Emma Pinchbeck, who heads up renewable energy trade body RenewableUK, said: “National Grid is confirming that low-carbon sources are generating 70pc of our electricity – with wind power the star amongst these sources.”
High-speed winds and an increase in wind farm production across Europe has also set records for countries such as Germany and the Netherlands. This breakthrough of recent statistics has lead many other counties to install more renewables. So much so, that alliances between Germany, Denmark, and Belgium have been set to install a wind farm off the EU coast to increase the whole of the offshore wind capacity by 500 percent.
In addition to the benefits that it provides energy sustainability, experts at EnAPPSys stated that the huge amount of energy generated by wind farms across north-west Europe, both land and on sea, had caused power prices to fall drastically to a tenth of the original cost for the individual consumer.
“It’s a sign of how things are changing – coal is coming off and renewables are growing,” said Maf Smith, the deputy chief executive of trade body RenewableUK.
The falling market prices of wind and solar energy production has sparked a new era of renewables. A step in the right direction to combating many issues which the environment and governments face. Emma Pinchbeck states that “incoming government should be proud of what the wind sector has achieved in the UK, and work with the industry to ensure that these record-breaking days for wind energy generation become our new norm.”

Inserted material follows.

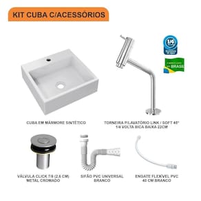 Sobre o ProdutoKit Cuba Q395 C/Torneira Pratika 1060 Metal + Válvula Click 1''B (2,6cm) + Sifão Pvc + Flexível BrancaDescrição do ProdutoO Kit KTCAQD395W.BR.1060.AP02 é uma combinação perfeita da Cuba de Apoio CAQD395W.BR com acessórios complementares, prontos para instalação no seu lavabo ou móvel de banheiro. Ele conta com 1 Cuba de Apoio Quadrada Veneza 39X37cm Branca + 1 Torneira P/Lavatório Pratika 45 1/4 Volta Bica Baixa 22cm Metal Cromado + 1 Válvula P/Lavatório Click Up Interno 1 (2,6cm) V02 Metal Cromado + 1 Sifão Pvc Universal Branco + 1 Engate Flexível Pvc Branco 40cm + 0 , todos compatíveis e prontos para instalação.Itens Inclusos:1 Cuba de Apoio + 1 Torneira de mesa baixa + 1 Válvula de Escoamento Clik Up + 1 Sifão PVC Universal Branco + 1 Engate Flexível 40cm Informações Logísticas:Vol.01 - Comp.: 47cm - Prof.: 44,5cm - Alt.: 15cm - Peso Bruto: 8,83Kg Observações:Não acompanha acessórios decorativos. Imagens meramente ilustrativas.Informações Técnicas / CaracterísticasCuba de Apoio Quadrada Veneza 39X37cm Branca- Cor: Branca- Marca: Compace- Modelo: CAQD395- Linha: Conect- Formato: Quadrada- Tipo de Cuba: Apoio- Material: Mármore Sintético- Acabamento: Hard Lacca PU- Escala de Brilho: Brilho- Possui Ladrão: Não- Possui Furação para Torneira: Sim- Diâmetro do Furo para Torneira: (32mm) - DN 32- Diâmetro do Furo para Válvula: (40mm) - DN 40 - Comprimento: 39cm- Largura: 37cm- Altura: 11,5cm - Peso Líq.: 7,7Kg- Recomendações de Uso, Manutenção e Limpeza: Utilize flanela seca ou pano macio, levemente umedecido com água. Evite contato com produtos químicos e abrasivos (solventes, thinner, acetona etc) e não utilize nenhum tipo de esponja de aço. Para maior brilho, recomendamos a utilização de cera automotiva n 2.- Necessita de Montagem: Sim / Acompanha Manual de Montagem- Complexidade da Montagem: Média: pode ser montado por mais de uma pessoa e/ou necessite de maior conhecimento para montagem.- Garantia: 6 mesesTorneira P/Lavatório Pratika 45 1/4 Volta Bica Baixa 22cm Metal Cromado- Cor: Cromado- Marca: Compace- Modelo: 1060- Linha: Pratika- Tipo de Torneira: Convencional- Local: Lavatório- Tipo de Instalação: De Mesa- Acabamento: Camada de Cromo Salt Spray. Possui alta resistência contra corrosão, maresia, oxidação e descascamento.- Material: Liga de Cobre (Bronze e Latão), Inox, Zamac, Elastômeros e Plásticos de Engenharia- Possui Arejador Sim- Tipo de Bica: Fixa- Pressão Máxima: 40 m.c.a.- Pressão Mínima: 2 m.c.a.- Temperatura da Água Indicada: Mín.: 5 Celsius / Máx.: 70 Celsius- Bitola do Cano: 1/2 - Altura Total: 22cm- Altura da base até a saída da água: 14cm- Profundidade da saída da água até o final do cano: 14cm- Peso Líq.: 0,3Kg- Recomendações de Uso, Manutenção e Limpeza: Limpar apenas com pano macio e sabão neutro. Não usar produtos abrasivos como sapólio, palha de aço e produtos químicos.- Garantia: 5 anosVálvula P/Lavatório Click Up Interno 1 (2,6cm) V02 Metal Cromado- Cor: Cromado- Marca: Compace- Modelo: CO1612V02- Linha: Complementos- Tipo: Click- Local: Lavatório- Acabamento: Cromado- Material: Zamak, Elastômeros e Plásticos de Engenharia.- Bitola do Cano: 1- Possui Ladrão: Não - Altura: 7cm- Diâmetro: 5,5cm - Altura Total: 8cm- Peso Líq.: 0,14Kg- Recomendações de Uso, Manutenção e Limpeza: Limpar apenas com pano macio e sabão neutro. Não usar produtos abrasivos como sapólio, palha de aço e produtos químicos.- Necessita de Montagem: Sim- Complexidade da Montagem: Média: pode ser montado por mais de uma pessoa e/ou necessite de maior conhecimento para montagem.- Garantia: 5 anosSifão Pvc Universal Branco- Cor: Branco- Marca: Compace- Modelo: SPVC- Linha: Complementos- Tipo: Flexível- Local: Multiuso- Acabamento: PVC- Material: PVC- Bitola do Cano: Universal - Temperatura da Água Indicada: Mín.: 0 Celsius / Máx.: 90 Celsius - Comprimento: 29cm - Diâmetro: 5cm- Comprimento Total: 71cm - Peso Líq.: 0,1Kg- Recomendações de Uso, Manutenção e Limpeza: Limpar apenas com pano macio e sabão neutro. Não usar produtos abrasivos como sapólio, palha de aço e produtos químicos.- Necessita de Montagem: Sim- Complexidade da Montagem: Média: pode ser montado por mais de uma pessoa e/ou necessite de maior conhecimento para montagem.- Garantia: 01 anoEngate Flexível Pvc Branco 40cm- Cor: Branco- Marca: Compace- Modelo: FLEX- Linha: Complementos- Tipo: Flexível- Local: Multiuso- Acabamento: PVC- Material: PVC- Bitola do Cano: Universal - Pressão Indicada: 40 m.c.a.- Temperatura da Água Indicada: Fria - Comprimento: 40cm - Diâmetro: 2cm - Peso Líq.: 0,08Kg- Recomendações de Uso, Manutenção e Limpeza: Limpar apenas com pano macio e sabão neutro. Não usar produtos abrasivos como sapólio, palha de aço e produtos químicos.- Necessita de Montagem: Sim- Complexidade da Montagem: Média: pode ser montado por mais de uma pessoa e/ou necessite de maior conhecimento para montagem.- Garantia: 01 ano Formato: Quadrada | Tipo de Cuba: Apoio | Material: Mármore Sintético | Acabamento: Hard Lacca PU Fosco | Escala de Brilho: Fosco | Possui Furação para Torneira: Sim | Diâmetro do Furo para Torneira: (32mm) - DN 32 | Diâmetro do Furo para Válvula: (40mm) - DN 40 | Itens Inclusos: 1 Cuba de Apoio + 1 Torneira de mesa baixa + 1 Válvula de Escoamento Clik Up + 1 Sifão PVC Universal Branco + 1 Engate Flexível 40cm | Limite de unidades por venda: É possível comprar até 1 unidade por venda. | Quantidade máxima de pedido: 1 | Baterias são necessárias?: false Cor: Branco

Currently, the largest and most powerful wind turbine stands at 8MW each, off the coast of Liverpool. Germany’s Senvion is developing a turbine at 10MW. Finally the US company GE is working on a 12MW turbine. The continuation of developing more efficient renewables at a cheaper marketed rate is increasing. The daunting outlook on depleting fossil fuels could diminish and the future could head towards a greener generation.